*Task instructions:* Please repeat, exactly and without pictures, the lines of the entries below that run from the one containing "Bei Maged's Bistro- Café" through the one containing "Til den grågrønne".

*Raw data:*
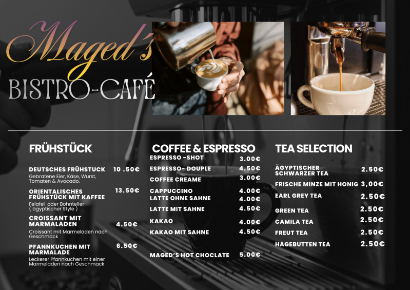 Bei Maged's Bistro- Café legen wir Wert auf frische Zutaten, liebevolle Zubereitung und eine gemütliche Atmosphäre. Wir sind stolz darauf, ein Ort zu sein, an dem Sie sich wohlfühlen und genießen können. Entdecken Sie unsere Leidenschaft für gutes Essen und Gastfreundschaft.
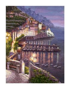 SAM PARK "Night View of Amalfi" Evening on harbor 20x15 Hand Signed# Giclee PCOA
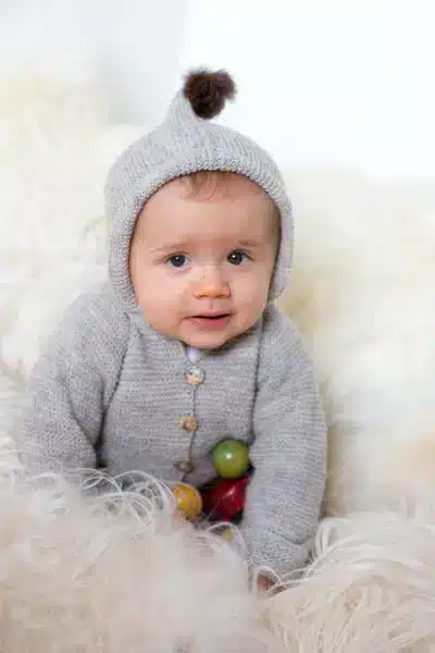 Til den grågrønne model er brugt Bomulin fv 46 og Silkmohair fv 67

...

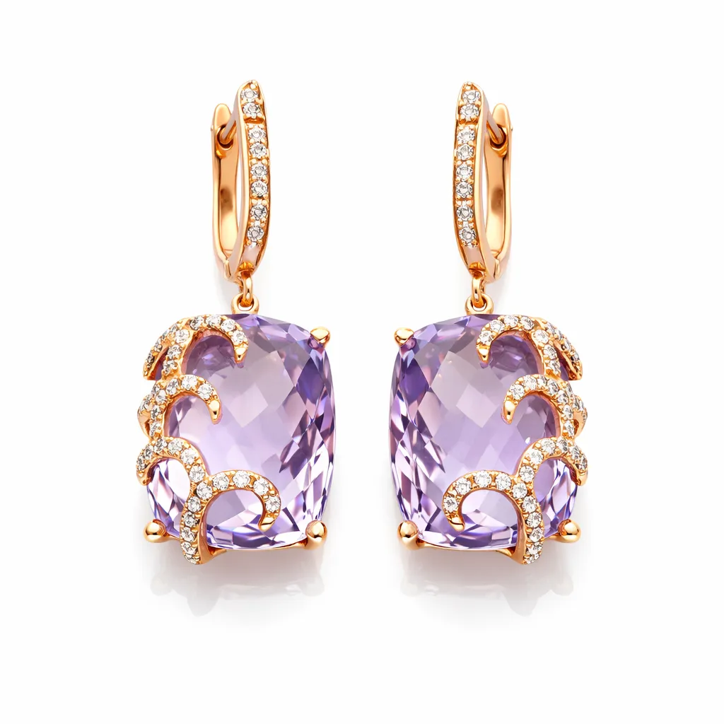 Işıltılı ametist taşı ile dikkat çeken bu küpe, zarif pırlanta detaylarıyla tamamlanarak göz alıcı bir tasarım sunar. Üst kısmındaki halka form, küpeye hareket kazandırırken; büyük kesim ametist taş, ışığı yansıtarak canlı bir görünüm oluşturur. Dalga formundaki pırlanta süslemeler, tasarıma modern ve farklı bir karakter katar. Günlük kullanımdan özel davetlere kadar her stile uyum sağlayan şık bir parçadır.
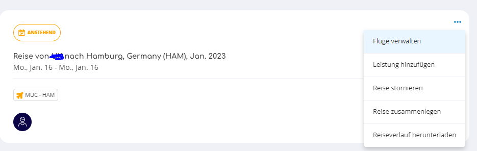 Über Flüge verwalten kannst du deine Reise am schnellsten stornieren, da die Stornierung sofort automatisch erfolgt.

*Exercise result:*
 Bei Maged's Bistro- Café legen wir Wert auf frische Zutaten, liebevolle Zubereitung und eine gemütliche Atmosphäre. Wir sind stolz darauf, ein Ort zu sein, an dem Sie sich wohlfühlen und genießen können. Entdecken Sie unsere Leidenschaft für gutes Essen und Gastfreundschaft.
 SAM PARK "Night View of Amalfi" Evening on harbor 20x15 Hand Signed# Giclee PCOA
 Til den grågrønne model er brugt Bomulin fv 46 og Silkmohair fv 67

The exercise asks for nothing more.